Frequently Asked Questions

What is "ideal body weight"?
Ideal body weight (IBW) is a target weight calculated from height and sex using historical formulas originally developed for clinical drug dosing. It is not a number that guarantees health, attractiveness, or fitness — it is a rough reference point derived from population averages. Treat it as one data point alongside BMI, body fat percentage, and how you feel, not as a goal to chase.
Which formula is the most accurate?
None of them is "accurate" in an absolute sense — they are all approximations. Devine (1974) is the most widely cited, especially in clinical settings for drug dosing. Robinson (1983) and Miller (1983) were published to refine Devine for modern populations. Hamwi (1964) is the oldest and tends to read slightly higher for men. We show all four plus the average so you can see the range rather than pretending there is one correct answer.
Why were these formulas originally created?
All four were developed to help clinicians calculate drug dosages based on a reasonable reference weight, especially for drugs that distribute primarily in lean tissue. Dosing a medication based on a patient's actual weight can lead to overdose in obese patients, so physicians wanted a "typical healthy" reference weight indexed to height and sex. The formulas were never intended as fitness targets, though they have drifted into popular use.

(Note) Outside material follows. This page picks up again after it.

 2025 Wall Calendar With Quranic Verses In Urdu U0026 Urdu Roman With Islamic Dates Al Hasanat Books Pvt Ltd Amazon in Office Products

Why do the formulas only use height and sex?
Because they were built to be simple bedside tools. Adding age, frame size, body composition, or ethnicity would have improved accuracy at the cost of usability. Modern alternatives like BMI-derived healthy weight ranges, waist-to-height ratio, or body-fat-based targets are better for individual goal-setting. The classic IBW formulas survive mainly because they are embedded in medical reference material and drug dosing protocols.
Should I eat to hit my ideal weight?
Not blindly. If your current weight is far above your IBW, moving toward it is generally reasonable — but stop when you feel good and your health markers (blood pressure, blood sugar, energy, sleep) are where you want them. If your IBW falls below a BMI of 20, you may be under-fueling by chasing it. Use IBW as a rough compass, not a destination pin.

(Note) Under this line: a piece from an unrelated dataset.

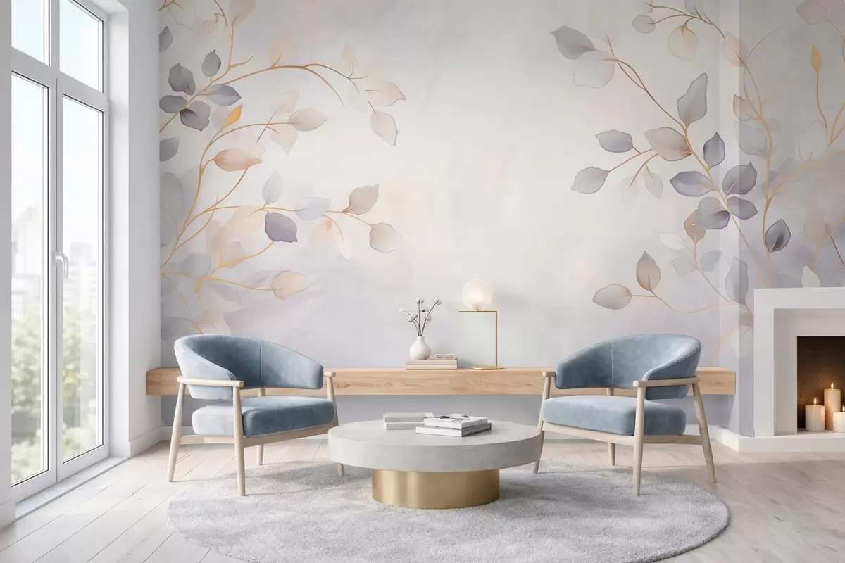 Fotomurales Ramas frondosas y delicadas sobre un fondo suave y difuminado Nr. w05296

How does IBW compare to a healthy BMI range?
The calculator shows both. The healthy BMI range (18.5–24.9) is a wider band and is derived directly from your exact height, not from a rounded "inches over 5 feet" approximation. For most adults the IBW formulas land somewhere in the lower half of the healthy BMI range. If you are already inside the BMI range, you are in a sensible zone regardless of which IBW number you prefer.
Do these formulas work for very tall or very short people?
Less well. The formulas were calibrated around people near the middle of the adult height distribution. At heights below 5 ft (152 cm) they extrapolate downward and can produce implausibly small numbers; we clamp the "inches over 5 feet" input at −12 and display a warning. At very tall heights (over 200 cm) they are also less reliable. Use BMI or body-fat-based targets instead at the extremes.
Does IBW account for muscle mass?
No. A muscular athlete will weigh more than their IBW without being overweight. This is the same limitation as BMI — neither measure distinguishes muscle from fat. If you lift weights seriously, use body fat percentage rather than IBW as your primary reference point.
What about body frame size — small, medium, large?
The Hamwi formula in particular was sometimes adjusted by frame size (±10% for small or large frames). Frame-size definitions are subjective and rarely used consistently, so we do not apply that adjustment here. The spread between the four formulas in our table gives you an implicit frame-size window: the lower value is appropriate for smaller frames, the higher one for larger frames.
Is this a substitute for medical advice?
No. This calculator is an informational tool. Weight targets should be discussed with a qualified clinician if you have a medical condition, are pregnant or breastfeeding, are under 18 or over 65, are recovering from an eating disorder, or are preparing for a competitive sport. Do not use IBW as the sole basis for a weight-loss or weight-gain plan.